Convert Unicode to Binary
Convert Unicode to binary in 3 modes (UTF-8, codepoint, UTF-16). Per-character breakdown. Free, offline, client-side, instant, secure.
- Runs in your browser
- Nothing uploaded
- Free, no sign-up
Convert Unicode text to binary in three modes: UTF-8 bytes (the modern web standard), Unicode codepoints (one binary per character), or UTF-16 code units (matches JavaScript's internal string representation). Per-character grid shows all three side by side.
Per-character breakdown
How to Use Convert Unicode to Binary
- Paste your text. ASCII, accented Latin, CJK, emoji, mathematical symbols - anything Unicode. Multiple lines work as batch (one input per line → TSV output).

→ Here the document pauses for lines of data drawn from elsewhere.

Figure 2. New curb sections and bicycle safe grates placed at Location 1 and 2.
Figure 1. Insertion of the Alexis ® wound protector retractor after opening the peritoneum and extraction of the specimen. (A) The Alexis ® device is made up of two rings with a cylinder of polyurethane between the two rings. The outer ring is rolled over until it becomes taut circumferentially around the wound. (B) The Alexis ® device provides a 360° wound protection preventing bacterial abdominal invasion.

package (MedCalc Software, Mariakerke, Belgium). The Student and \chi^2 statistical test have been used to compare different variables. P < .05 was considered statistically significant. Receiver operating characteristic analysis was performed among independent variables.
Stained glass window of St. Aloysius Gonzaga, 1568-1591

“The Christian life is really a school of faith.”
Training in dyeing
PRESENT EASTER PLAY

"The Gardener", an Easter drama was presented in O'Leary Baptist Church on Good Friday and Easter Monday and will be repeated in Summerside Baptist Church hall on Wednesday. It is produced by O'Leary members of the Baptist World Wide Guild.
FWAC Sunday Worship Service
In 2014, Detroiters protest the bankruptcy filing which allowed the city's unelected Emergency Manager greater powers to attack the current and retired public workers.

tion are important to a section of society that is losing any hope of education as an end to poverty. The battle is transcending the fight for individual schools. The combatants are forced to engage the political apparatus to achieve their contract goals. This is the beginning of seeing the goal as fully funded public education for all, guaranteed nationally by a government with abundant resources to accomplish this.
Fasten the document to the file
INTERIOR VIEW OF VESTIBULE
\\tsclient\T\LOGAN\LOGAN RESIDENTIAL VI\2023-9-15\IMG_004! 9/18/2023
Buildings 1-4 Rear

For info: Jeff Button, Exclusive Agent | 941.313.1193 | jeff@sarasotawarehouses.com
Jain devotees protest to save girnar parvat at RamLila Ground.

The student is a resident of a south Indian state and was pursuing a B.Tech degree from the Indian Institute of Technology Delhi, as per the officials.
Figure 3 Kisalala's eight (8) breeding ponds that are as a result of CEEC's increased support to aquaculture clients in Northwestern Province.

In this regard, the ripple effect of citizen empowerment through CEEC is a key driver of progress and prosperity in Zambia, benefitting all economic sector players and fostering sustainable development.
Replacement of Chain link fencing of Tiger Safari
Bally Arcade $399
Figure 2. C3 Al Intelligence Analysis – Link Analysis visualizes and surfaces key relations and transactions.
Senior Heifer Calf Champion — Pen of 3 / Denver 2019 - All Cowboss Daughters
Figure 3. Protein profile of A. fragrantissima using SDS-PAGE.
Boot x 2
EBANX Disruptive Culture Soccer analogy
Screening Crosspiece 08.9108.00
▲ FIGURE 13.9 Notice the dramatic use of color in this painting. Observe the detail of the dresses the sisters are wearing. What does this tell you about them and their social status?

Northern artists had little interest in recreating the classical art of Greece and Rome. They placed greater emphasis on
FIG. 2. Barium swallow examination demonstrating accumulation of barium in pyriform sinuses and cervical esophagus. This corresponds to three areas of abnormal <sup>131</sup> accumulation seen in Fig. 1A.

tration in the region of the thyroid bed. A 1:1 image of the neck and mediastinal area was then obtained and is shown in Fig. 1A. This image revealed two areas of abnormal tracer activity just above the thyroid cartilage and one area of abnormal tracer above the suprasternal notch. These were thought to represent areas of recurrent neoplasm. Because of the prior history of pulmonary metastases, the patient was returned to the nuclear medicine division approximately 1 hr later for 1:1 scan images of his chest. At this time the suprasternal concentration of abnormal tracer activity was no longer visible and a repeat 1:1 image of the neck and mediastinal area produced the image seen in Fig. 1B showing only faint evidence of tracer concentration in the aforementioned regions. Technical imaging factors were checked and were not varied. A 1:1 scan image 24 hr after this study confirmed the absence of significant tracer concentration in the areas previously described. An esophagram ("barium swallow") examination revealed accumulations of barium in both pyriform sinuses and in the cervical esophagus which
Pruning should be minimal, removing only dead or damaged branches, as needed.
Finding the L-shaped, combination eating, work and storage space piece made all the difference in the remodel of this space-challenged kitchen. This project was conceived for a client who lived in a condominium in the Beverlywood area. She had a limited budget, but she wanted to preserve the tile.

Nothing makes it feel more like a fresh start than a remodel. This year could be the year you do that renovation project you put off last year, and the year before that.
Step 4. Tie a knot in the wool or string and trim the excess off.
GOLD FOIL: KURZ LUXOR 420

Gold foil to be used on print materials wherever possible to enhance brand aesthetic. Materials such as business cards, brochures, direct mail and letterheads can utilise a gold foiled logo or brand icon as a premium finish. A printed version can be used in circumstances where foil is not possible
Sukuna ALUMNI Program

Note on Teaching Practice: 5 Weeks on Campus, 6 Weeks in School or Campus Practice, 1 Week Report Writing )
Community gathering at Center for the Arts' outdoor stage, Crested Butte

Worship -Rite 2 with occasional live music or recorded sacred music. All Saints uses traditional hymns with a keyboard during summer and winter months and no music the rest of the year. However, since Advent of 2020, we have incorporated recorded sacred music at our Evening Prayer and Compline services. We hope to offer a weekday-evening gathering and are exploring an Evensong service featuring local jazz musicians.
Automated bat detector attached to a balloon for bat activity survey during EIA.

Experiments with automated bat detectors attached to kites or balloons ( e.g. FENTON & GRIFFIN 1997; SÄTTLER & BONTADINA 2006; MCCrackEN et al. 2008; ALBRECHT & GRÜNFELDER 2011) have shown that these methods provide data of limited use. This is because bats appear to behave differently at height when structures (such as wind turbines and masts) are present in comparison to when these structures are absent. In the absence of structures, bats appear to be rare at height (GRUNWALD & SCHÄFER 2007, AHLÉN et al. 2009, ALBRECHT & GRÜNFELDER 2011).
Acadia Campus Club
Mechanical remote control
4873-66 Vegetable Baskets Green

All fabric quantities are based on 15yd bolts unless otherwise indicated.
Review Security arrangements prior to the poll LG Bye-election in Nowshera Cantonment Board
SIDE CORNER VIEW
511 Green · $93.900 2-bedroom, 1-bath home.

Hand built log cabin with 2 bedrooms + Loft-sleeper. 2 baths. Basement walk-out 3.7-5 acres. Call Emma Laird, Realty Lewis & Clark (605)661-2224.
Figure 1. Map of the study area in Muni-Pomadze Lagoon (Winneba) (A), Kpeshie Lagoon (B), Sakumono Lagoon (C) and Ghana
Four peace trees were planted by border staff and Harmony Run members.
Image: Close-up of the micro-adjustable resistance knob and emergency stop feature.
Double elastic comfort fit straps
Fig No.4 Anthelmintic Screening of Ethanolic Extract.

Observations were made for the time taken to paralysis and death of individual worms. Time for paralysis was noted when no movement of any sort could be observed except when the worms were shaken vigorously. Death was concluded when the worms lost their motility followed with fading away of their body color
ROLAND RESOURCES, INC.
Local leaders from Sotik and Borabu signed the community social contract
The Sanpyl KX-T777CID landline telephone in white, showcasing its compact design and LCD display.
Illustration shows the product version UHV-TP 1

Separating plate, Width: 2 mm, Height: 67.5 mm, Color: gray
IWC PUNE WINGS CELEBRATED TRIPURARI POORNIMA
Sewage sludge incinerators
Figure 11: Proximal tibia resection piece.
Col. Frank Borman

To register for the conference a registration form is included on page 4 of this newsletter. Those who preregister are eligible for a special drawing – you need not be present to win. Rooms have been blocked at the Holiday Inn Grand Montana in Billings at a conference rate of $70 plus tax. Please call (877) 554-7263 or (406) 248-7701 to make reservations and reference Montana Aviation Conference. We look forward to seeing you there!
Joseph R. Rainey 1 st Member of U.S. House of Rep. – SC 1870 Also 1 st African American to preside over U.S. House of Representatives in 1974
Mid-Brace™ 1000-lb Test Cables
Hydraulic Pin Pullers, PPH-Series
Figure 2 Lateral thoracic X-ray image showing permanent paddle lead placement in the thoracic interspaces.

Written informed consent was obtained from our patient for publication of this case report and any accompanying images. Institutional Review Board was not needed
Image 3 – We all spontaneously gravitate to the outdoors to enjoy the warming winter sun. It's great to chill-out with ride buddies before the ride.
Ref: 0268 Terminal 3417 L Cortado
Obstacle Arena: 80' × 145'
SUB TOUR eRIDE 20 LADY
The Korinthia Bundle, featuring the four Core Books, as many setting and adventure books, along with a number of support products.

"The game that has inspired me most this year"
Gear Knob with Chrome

- Pick an encoding mode. UTF-8 bytes (default) - what the web sends; each byte is 8 bits.
A→01000001, 😀 → 4 bytes11110000 10011111 10011000 10000000. Unicode codepoint - each character's codepoint number in binary.A(U+0041) →1000001, 😀 (U+1F600) → 17 bits11111011000000000. UTF-16 code units - what JavaScript stores; BMP chars are 1 unit, non-BMP chars are surrogate pairs (2 units of 16 bits each). - Set codepoint padding (visible only in codepoint mode). 8 bits for ASCII-only data. 16 bits for BMP (most languages). 21 bits for full Unicode range (current standard caps at U+10FFFF). 32 bits for fixed-width storage. No padding = minimum binary length per character (varies).
- Choose a separator. Space (default) - most readable. Newline - one binary per line for tall display. Comma - CSV-compatible. None - single continuous bit stream useful for piping into other tools.
- Read the per-character grid. Each row shows the character, its codepoint, UTF-8 hex bytes, and the binary output in your selected mode. Switch modes and watch the binary column change while everything else stays constant.
- Swap for reverse. ⇄ flips to Binary → Unicode. The decoder respects the selected mode: UTF-8 mode expects multiples of 8 bits and runs through strict UTF-8 decoding; UTF-16 mode expects 16-bit units; codepoint mode expects whitespace-separated codepoint binaries. Errors are specific (wrong bit count, invalid character, codepoint out of range).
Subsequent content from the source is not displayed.